== EXCERPTED DATA ==
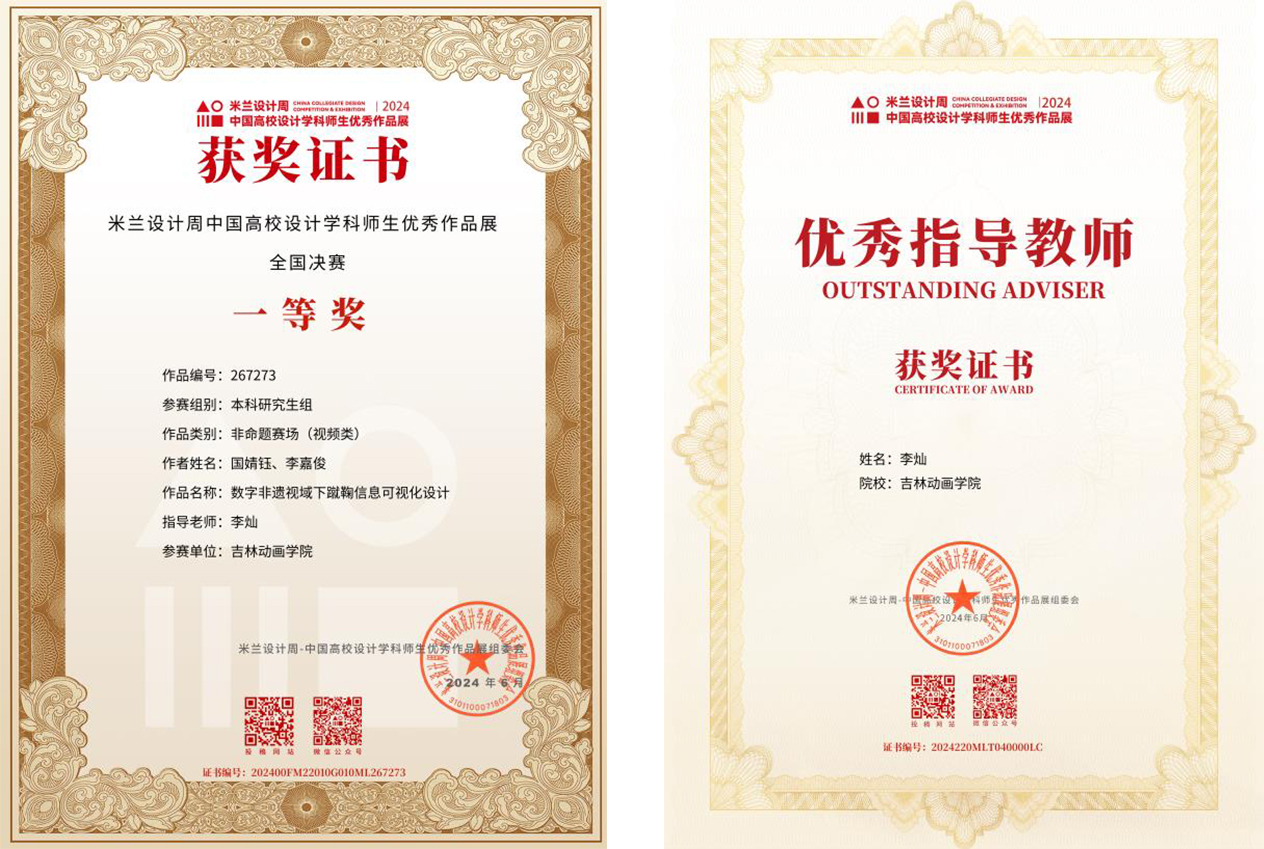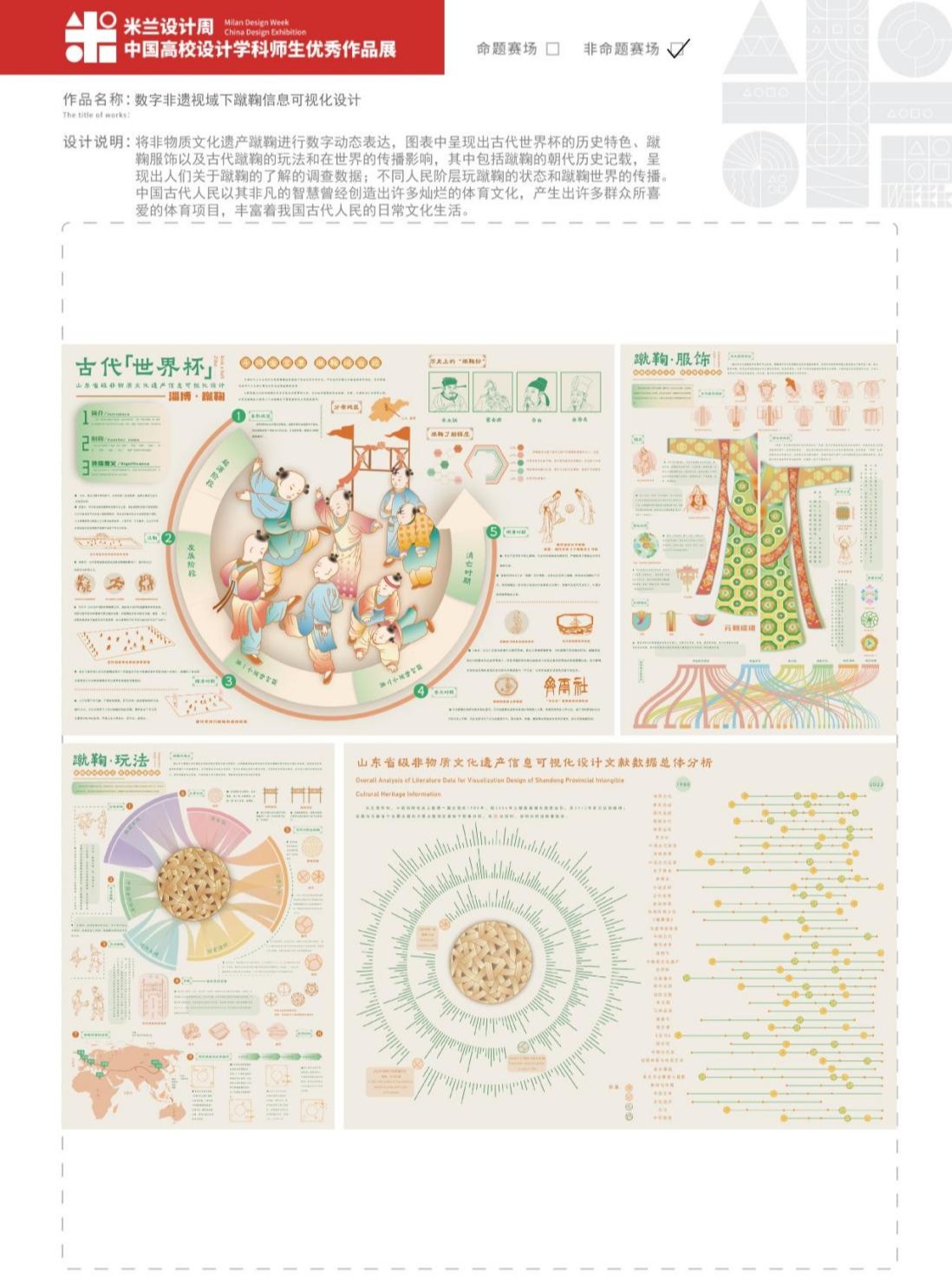 近日,A1 类国家级顶级学科竞赛的第八届米兰设计周——中国高校设计学科师生优秀作品展大赛完美收官。beat365唯一官方网站设计与产品学院视觉传达设计系学生国婧钰、李嘉俊创作的《数字非遗视域下蹴鞠信息可视化设计》作品荣膺国家级一等奖,教师李灿获“优秀指导教师”殊荣。本届大赛中,我校获国赛(非命题赛场)一等奖 1 项;吉林省赛区一等奖、二等奖及三等奖合计 3 项。
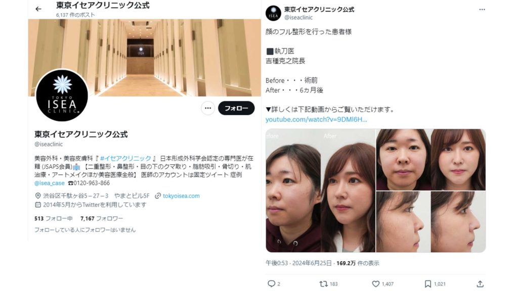 美容クリニック関連のSNSでは、クリニック公式アカウントではなく医師個人名のアカウント運用に積極的なクリニックもあります。今回はクリニック公式アカウントのみピックアップしています。
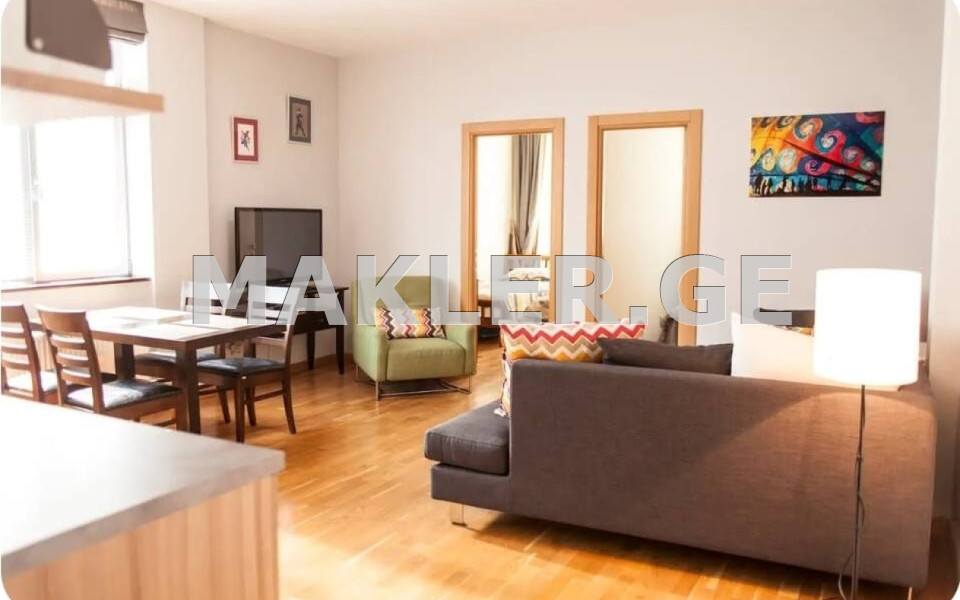 The apartment is located in the central part of Tbilisi, on Rustaveli, in the Beki Business Center. It is renovated, comfortable. It is successfully rented.
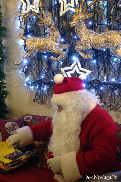 Tuttavia non c’è molta ressa per fortuna, quindi riusciamo presto a raggiungere il nostro amico vestito di rosso e con la grande barba bianca, che fa accomodare Chicco accanto a lui sul divano e si fa consegnare la letterina che mette al sicuro in un grande cesto.
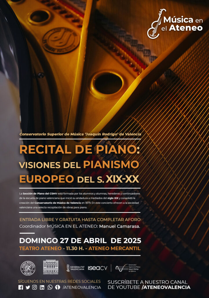 La Fundación del Ateneo Mercantil de la Comunidad Valenciana tiene el placer de invitarle a una nueva cita del Ciclo Música en el Ateneo, con un concierto gratuito protagonizado por el alumnado de Piano del Conservatorio Superior de Música “Joaquín Rodrigo” de Valencia.
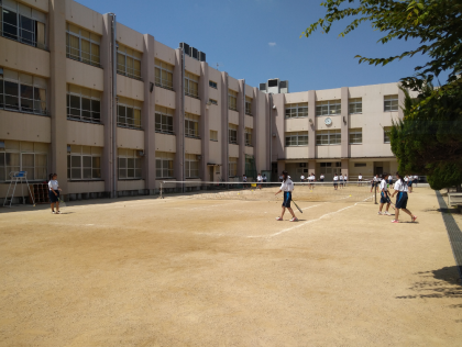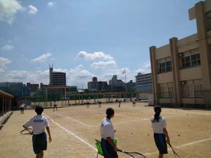 中庭テニスコートでは、ソフトテニス部がサーブ・レシーブの基本練習を行っていました。3年生は、明日、大会を控えています。頑張ってください!

== YOUR INSTRUCTIONS ==
In the records above, find the line containing "Tuttavia non c’è", then please restate it and each line after it word for word, pictures excluded.

== EXERCISE RESPONSE ==
 Tuttavia non c’è molta ressa per fortuna, quindi riusciamo presto a raggiungere il nostro amico vestito di rosso e con la grande barba bianca, che fa accomodare Chicco accanto a lui sul divano e si fa consegnare la letterina che mette al sicuro in un grande cesto.
 La Fundación del Ateneo Mercantil de la Comunidad Valenciana tiene el placer de invitarle a una nueva cita del Ciclo Música en el Ateneo, con un concierto gratuito protagonizado por el alumnado de Piano del Conservatorio Superior de Música “Joaquín Rodrigo” de Valencia.
 中庭テニスコートでは、ソフトテニス部がサーブ・レシーブの基本練習を行っていました。3年生は、明日、大会を控えています。頑張ってください!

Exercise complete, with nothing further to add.